Sebastian Soeiro (sebastian_2896.delete@this.hotmail.com) on May 31, 2013 10:59 pm wrote:
> rwessel (robertwessel.delete@this.yahoo.com) on May 31, 2013 9:53 pm wrote:
> > The operand itself would never go through the AGU, rather the generated address is passed to the load/store
> > unit (often the AGU is part of that), and once the load
> > completes, the operand is forwarded to the execution
> > unit where the dispatched instruction is waiting for it. Exactly how that happens depends a great deal
> > on the microarchitecture. On a simple in-order design the pipeline may simply be stalled waiting for the
> > load unit to present the single outstanding operand. In an OoO design, a rather more complicated network
> > will exist to get the operand to the instruction (micro-op) needing it, where ever that's happened to end
> > up waiting. Once the instruction has all of its operands, it can then be executed.
> >
> > Things are a bit different on the store side, as the operand
> > is usually available pretty early (it's a store,
> > after all, you already have the operand), and the store,
> > along with the address, can but pushed quickly into
> > the store buffer, and that can then complete independently of
> > the instruction stream. A critical issue is maintaining
> > a coherent and properly sequential view of memory even if
> > the actual (physical) stores and loads are not happening
> > in the architected order. It's not so bad within a single
> > processor, since the store buffer can watch for other
> > memory accesses, and jump in when it has a pending store.

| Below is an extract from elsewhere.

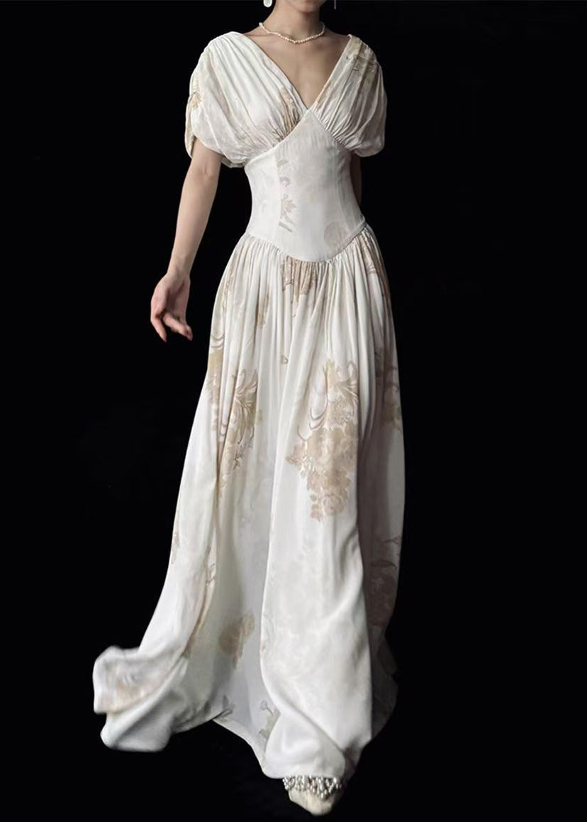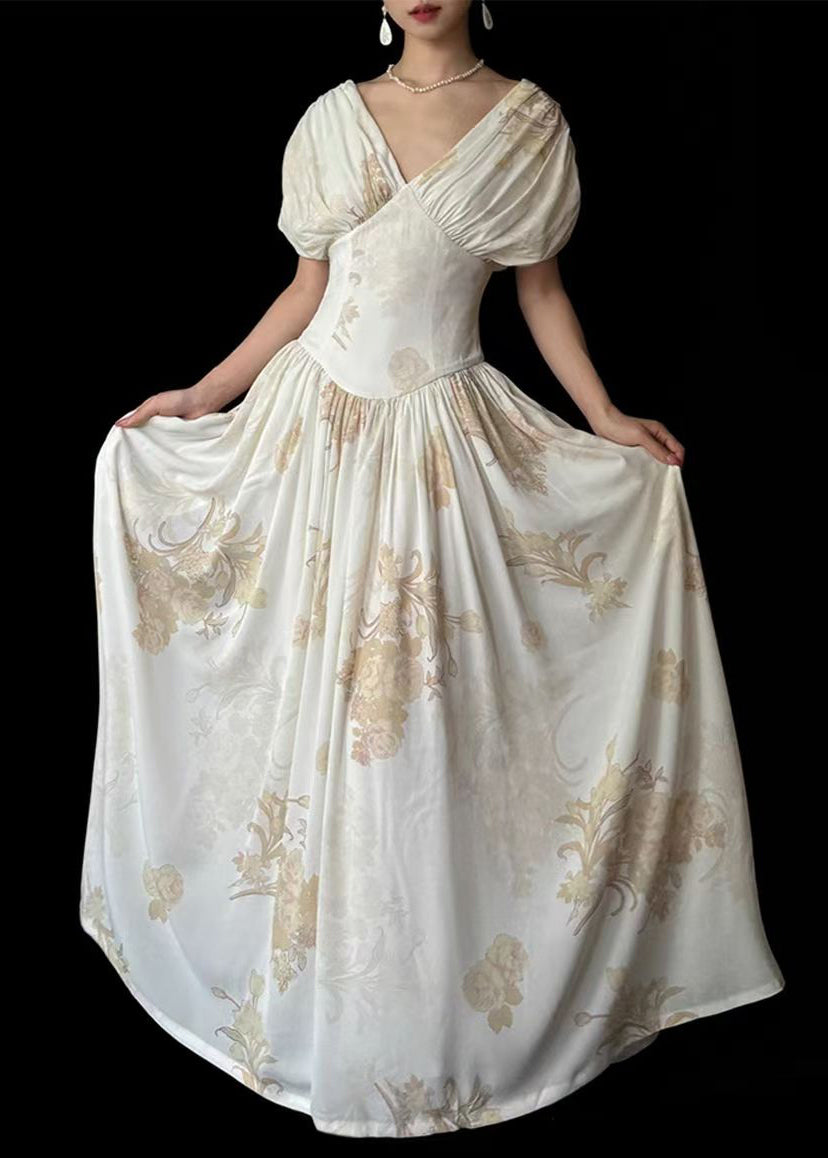 New White V Neck Print Pockets Cotton Maxi Dress Summer

> > But since memory accesses are visible to other processors
> > (and I/O devices), great effort must be taken to ensure
> > that those other devices only see memory accesses in
> > the architected order, or you'll break every multithreaded program in sight.
>
> Thanks for the reply!
>
> - So there is a load/store unit that is included in the AGU's in the diagrams? Operands flow through these
> units? That makes sense; but one thing: how do these load/store units get the operands to the execution
> units? Are they directly linked or do they go through one of the other scheduler/buffers above?
>
> - Ah yes, stores seem to be rather straight forward considering the reasons you stated.
> Though just like the question above; how does the finished result of the instruction
> get to the store unit to store the result? Directly linked? Or another method?

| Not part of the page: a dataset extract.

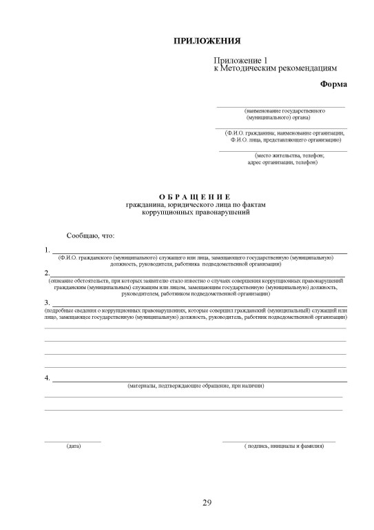 Обращение гражданина или организации по фактам коррупционных правонарушений - бланк
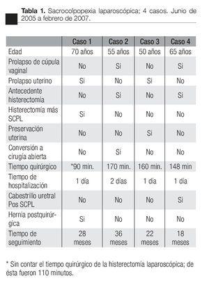 De junio 2005 a febrero de 2007, realizamos cuatro sacrocolpopexias laparoscópicas, por prolapso de cúpula vaginal: dos casos con antecedente de histerectomía y dos con prolapso uterino. A una paciente se le conservó el útero y a la otra se le realizó histerectomía en el mismo acto quirúrgico, por hipermenorrea y miomas grandes. Promedio de seguimiento: 26 meses (18 a 36 meses); promedio de edad: 60 años (50 a 70 años); promedio de tiempo quirúrgico: 142 minutos (90 a 170 minutos). En uno de los dos casos de prolapso de la cúpula vaginal, hubo necesidad de convertir la cirugía en abierta, ya que, posterior a la disección de la vagina y fijación de las mallas a la misma, nos fue imposible disecar con seguridad el sitio donde se fija al sacro, debido a que la mesa quirúrgica no alcanzaba la posición de Trendelenburg adecuada; la paciente presentaba obesidad importante y talla baja. Por medio de una incisión supra e infraumbilical en la línea media, de aproximadamente unos 10 cm, se fijó la malla con ayuda de separadores de cirugía abierta. Su evolución fue satisfactoria y sin complicaciones. Se egresó a las 48 horas. Los otros tres casos se egresaron al día siguiente. No hubo recurrencia del prolapso genital en ninguna de las cuatro pacientes.

The load/store units *are* types of execution units - they happen to handle loads and stores to memory, rather, that, say, arithmetic operations. Instructions get to them because the dispatcher sends them there. The store unit gets operands just like any other execution unit does, and the load unit sends results to registers, just like and arithmetic unit that generates results does.

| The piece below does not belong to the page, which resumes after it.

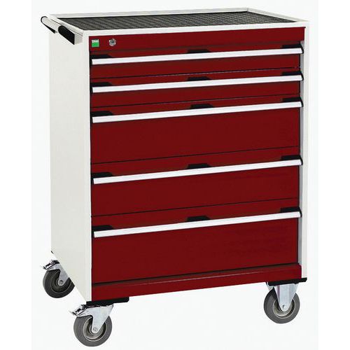 Mobilne szafki z szufladami Bott Cubio z górną powierzchnią roboczą o grubości 2 cm, typu multipleks/linoleum lub blacha składana z matą. Nośność do 600 kg, solidna spawana konstrukcja stalowa, malowana proszkowo. Szuflady z centralnym zamkiem o wysokości 200 cm 2 x 10, 2 x 15 i 1 x 20 cm, nośność 50 kg i 100% wysuw na łożyskach rolkowych. Ergonomiczne uchwyty do szuflad z miejscem na opis, system blokady umożliwiający otwieranie kilku szuflad jednocześnie. Dwie stałe i dwie szuflady dwa obrotowe kółka z hamulcem o średnicy 12,5 cm. Maks. obciążenie (kg) : 600 kg

Nominally, when an instruction is issued OoO, and before its operands are ready, what it's waiting on is a prior instruction to write its result to a register, which it can then read from the register file. The many rename registers on modern OoO processors are part of the mechanism to be able to execute around dependencies caused by register reuse. But even that isn't quite enough, the path between a result being stored into a register and a dependent instruction reading that result from the register is far too long in most cases, and most fast processors (and not just OoO ones), implement a forwarding network that allows results to be transmitted from one unit to another directly, and in parallel to the update of the register.

In the case of non-RISC machines, the operation of the load and store units is complicated by the fact that there are operations that are read-modify-update in nature. Exactly how those are handled is very dependent on the microarchitecture, but the earlier implementation all broke operations like "add memory,1" into several micro-ops (perhaps a load, an add and a store), more complex designs can compress that into fewer operations. Instructions that get split into multiple micro-ops need special handling on the back end, as you cannot architecturally take an exception in the “middle” of an instruction (and least on most machines).